** Assignment **
Could you retype the lines below, starting at the line holding "coconut yucca cake" and stopping at the line holding "نافذة عدن/ خاص: أكدت", inclusive? Copy them exactly and drop the images.

=== Begin Enclosure ===

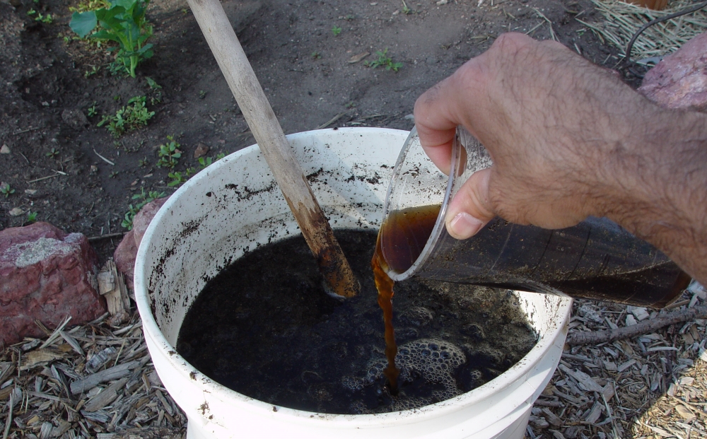 - Quite large holes are dug in the right places, a liter can of compost is added to each of them, mixed with the ground, watered and holes are formed according to the size of the pots.
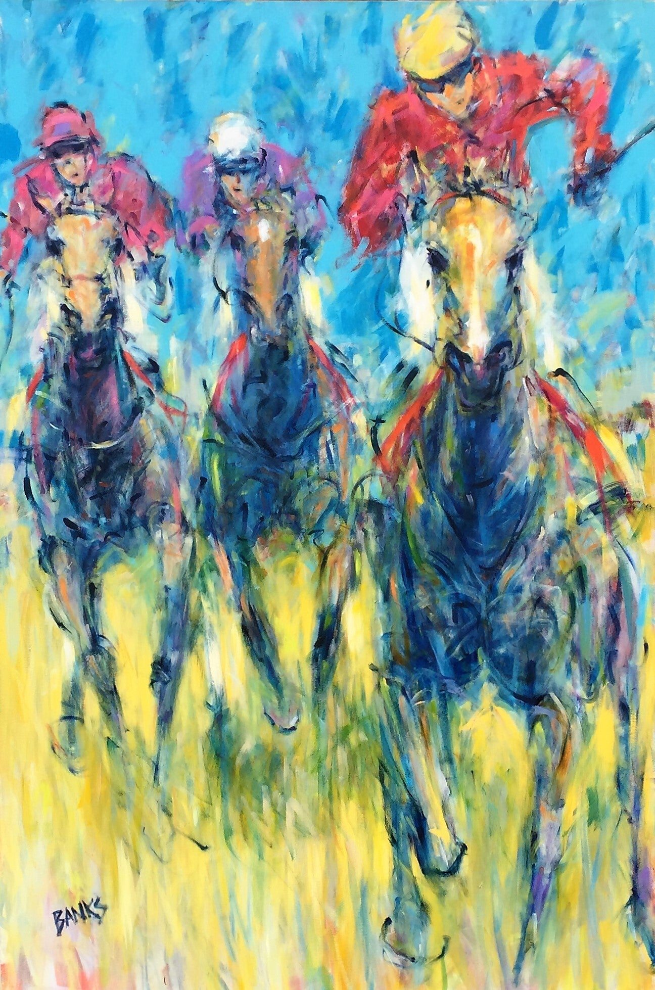 Painted in 2016, Up to the Challenge is a pulsating and visceral evocation of the racetrack by celebrated artist Alasdair Banks. Executed in bold, pastel hues of of crimson, lilac, cobalt, and lemon yellow, the painting captures a group of racehorses thundering forward.
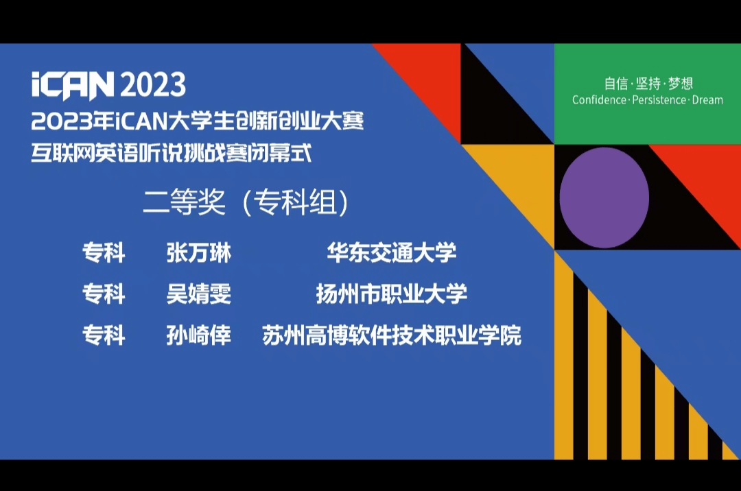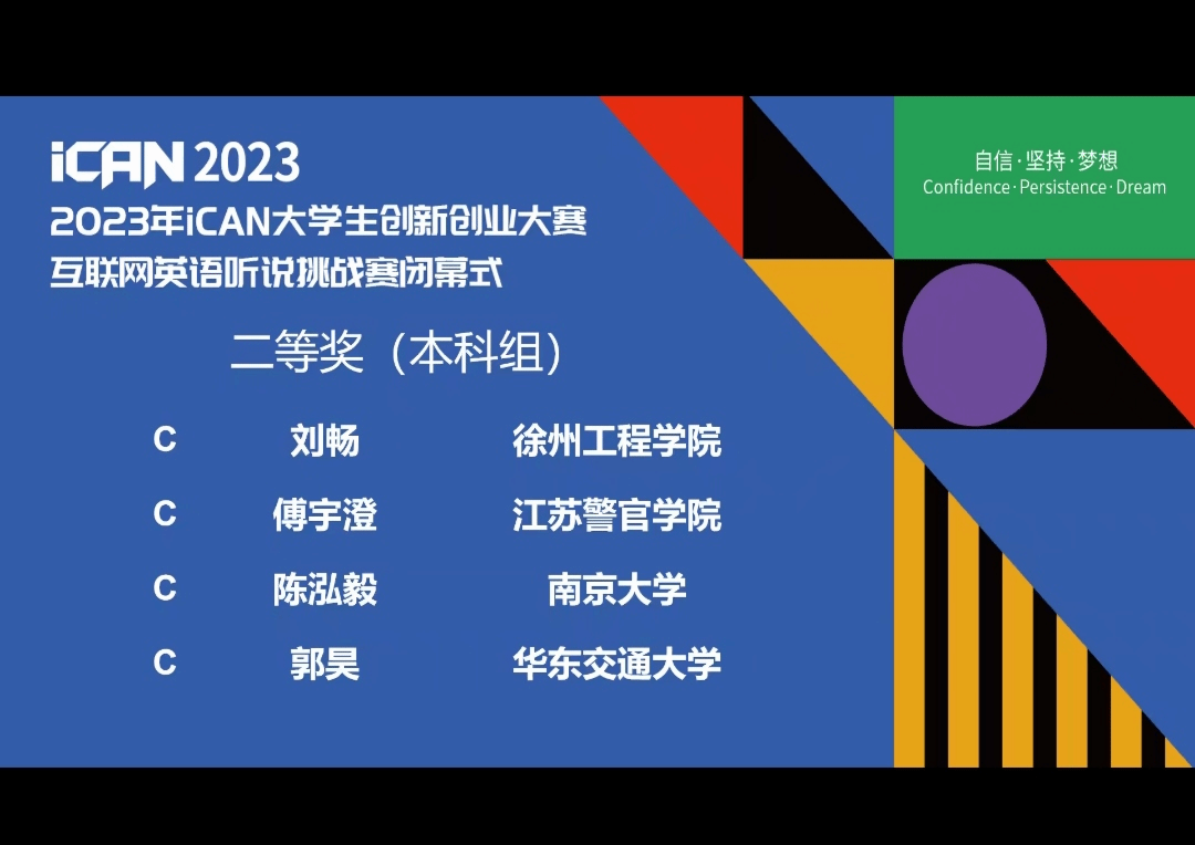 2023年11月19日,iCAN大学生创新创业大赛互联网英语听说挑战赛全国总决赛在东南大学隆重举行,11月26日大赛闭幕式在线上举行。本次全国总决赛有来自全国不同院校的200多名参赛选手。我校学子在竞争激烈的国赛中脱颖而出,4名同学获得国家二等奖。他们分别是来自外语学院的廖晓咏和郭昊,交通运输学院的伍昊嵩以及进贤校区轨道交通职业技术学院的张万琳。
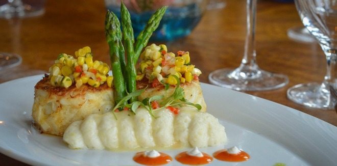 • Crispy Black Fin Snapper served with a coconut yucca cake
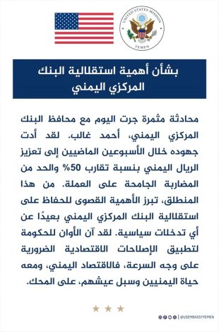 نافذة عدن/ خاص: أكدت السفارة الأمريكية في اليمن، في بيان صدر الخميس، على أهمية استقلالية البنك المركزي اليمني وضرورة حمايته…
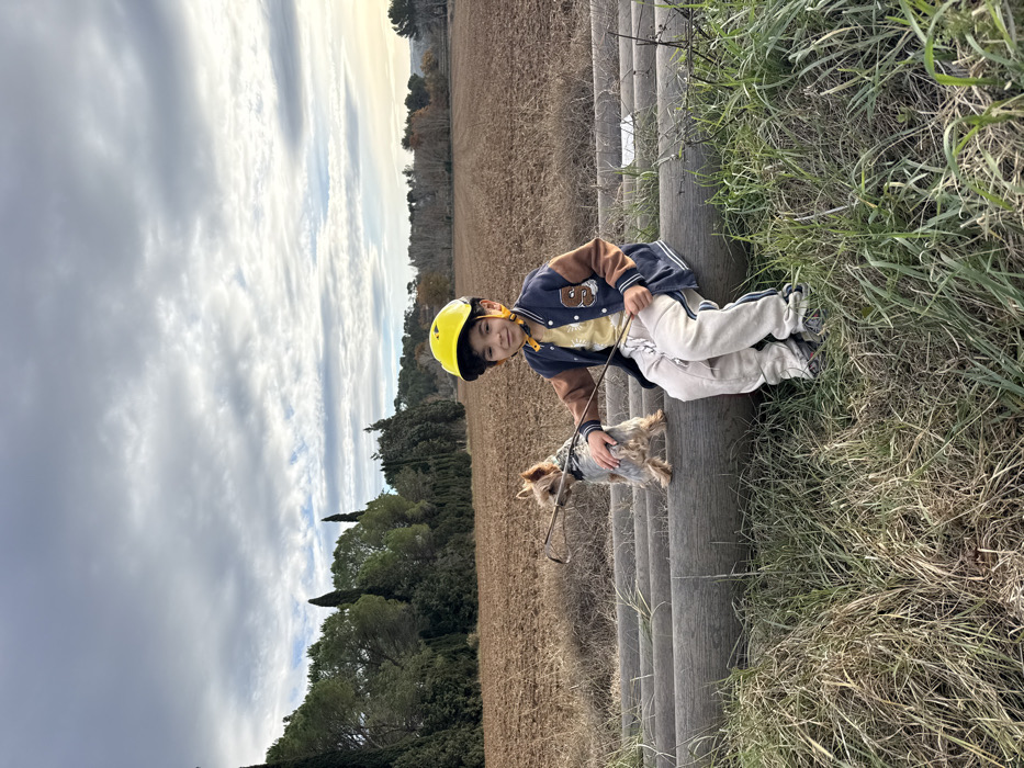 An outdoor scene in Rousset, France, depicts a young boy and a dog seated on a row of three parallel, weathered logs. The boy, approximately 5-7 years old, wears a yellow protective helmet, a dark blue and brown varsity-style jacket, a yellow shirt, light grey sweatpants, and dark athletic shoes. He is smiling directly at the camera, holding a slender stick with a curved hook-like end in both hands. To his left, a small, grey and tan Yorkshire Terrier-type dog, wearing a dark harness, stands on the logs, looking towards the stick. The logs rest on a base of long, dry, and green grasses. Behind the subjects, a large, recently tilled brown field extends into the midground. The background features a treeline composed of various evergreen and deciduous trees under an overcast sky with patches of brighter light.

=== End Enclosure ===

** Response area **
 • Crispy Black Fin Snapper served with a coconut yucca cake
 نافذة عدن/ خاص: أكدت السفارة الأمريكية في اليمن، في بيان صدر الخميس، على أهمية استقلالية البنك المركزي اليمني وضرورة حمايته…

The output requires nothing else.